The difference between an exterior angle of (n – 1) sided regular polygon and an exterior angle of (
The difference between an exterior angle of (n – 1) sided regular polygon and an exterior angle of (n + 2) sided regular polygon is 6°, then the value of ‘n’ is
Explanation
The exterior angle of a regular polygon equals 360 degrees divided by the number of sides. For an n minus 1 sided polygon, the exterior angle is 360 over parenthesis n minus 1. For an n plus 2 sided polygon, it is 360 over parenthesis n plus 2.

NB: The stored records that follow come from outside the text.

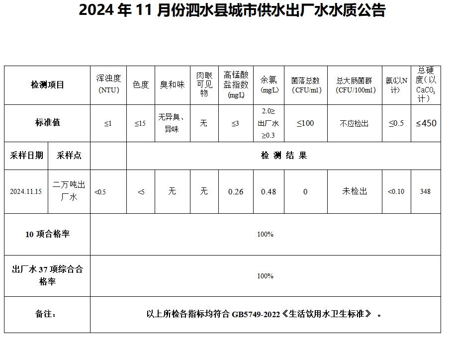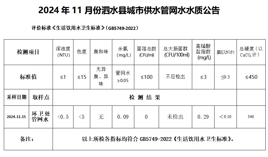 2024年11月份水质检测报告
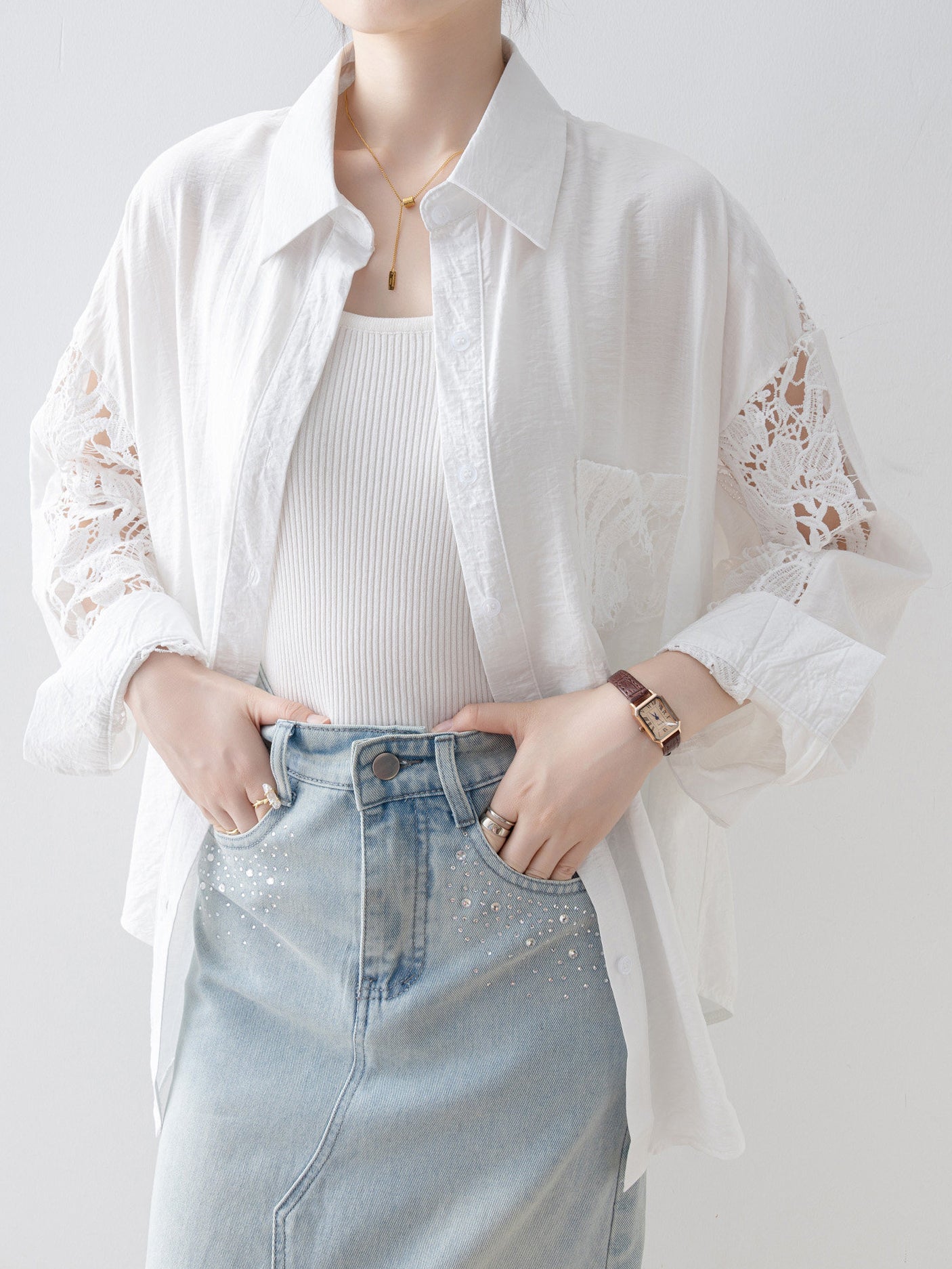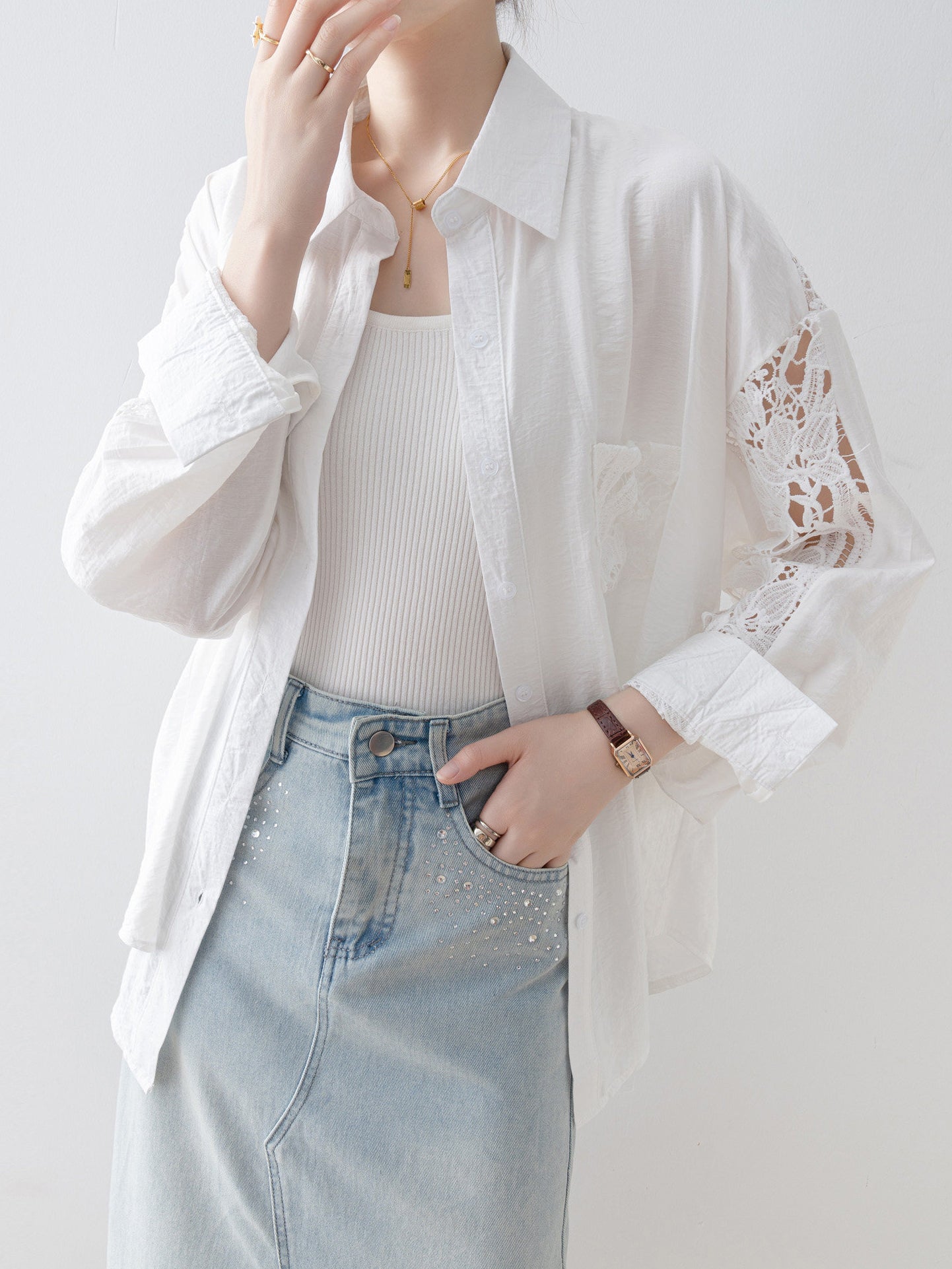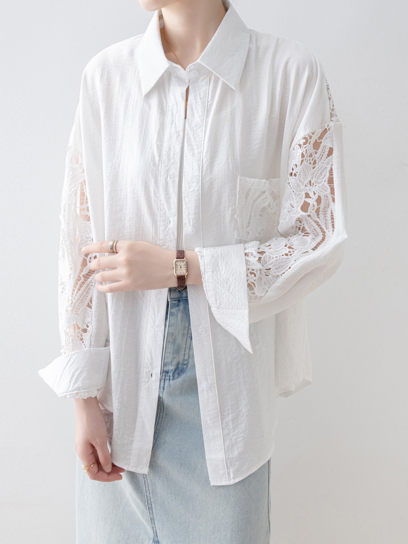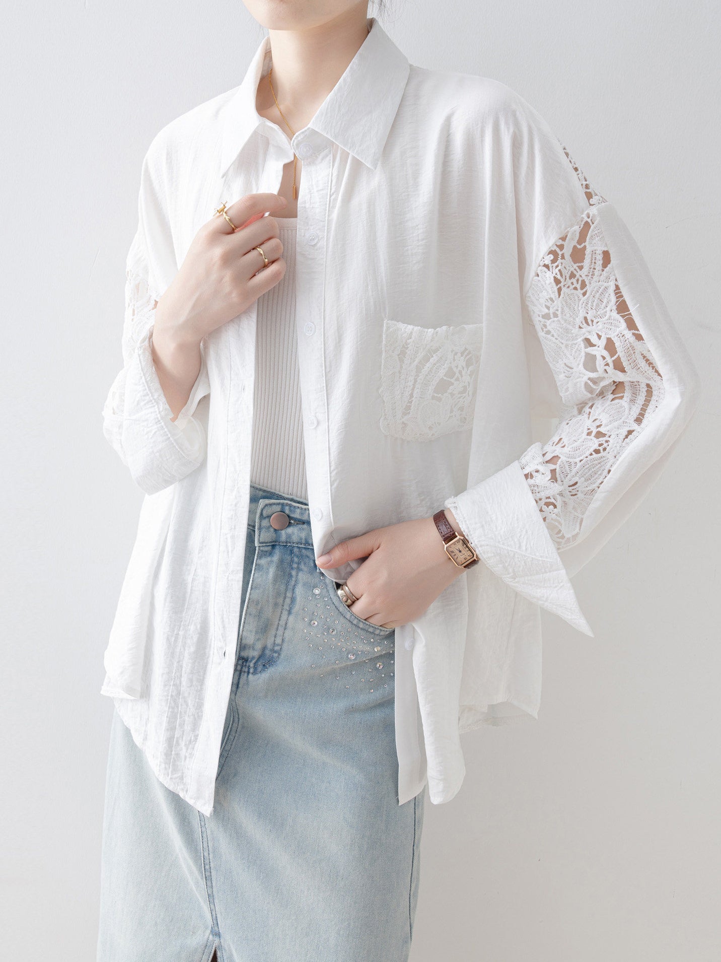 Lace sleeve docking shirt
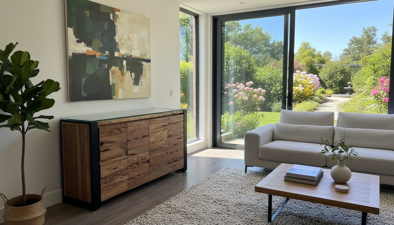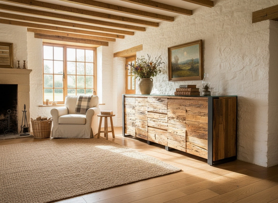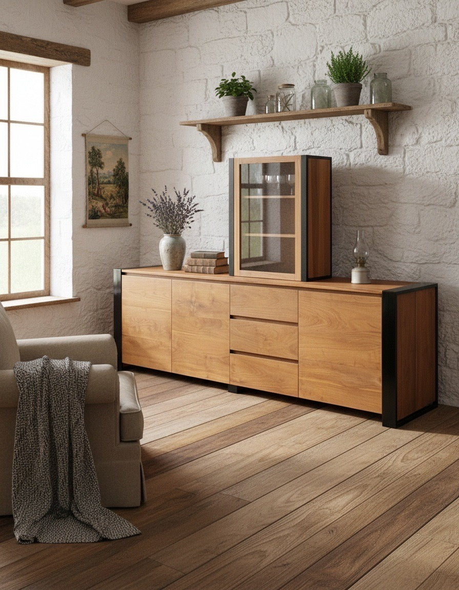 Aparador con patas de metal y madera de teca reciclada AM202109281346

Set up the equation for the difference: 360 divided by parenthesis n minus 1 minus 360 divided by parenthesis n plus 2 equals 6. Find a common denominator of parenthesis n minus 1 times parenthesis n plus 2. This gives 360 times parenthesis n plus 2 minus 360 times parenthesis n minus 1 all divided by common denominator equals 6.
Simplify the numerator: 360n plus 720 minus 360n plus 360 equals 1080. So 1080 divided by parenthesis n minus 1 times parenthesis n plus 2 equals 6. Cross multiply: 1080 equals 6 times parenthesis n² plus n minus 2. Solve: 180 equals n² plus n minus 2, so n² plus n minus 182 equals 0. Factor to get n equals 13 or n equals negative 14. Since sides must be positive, n equals 13.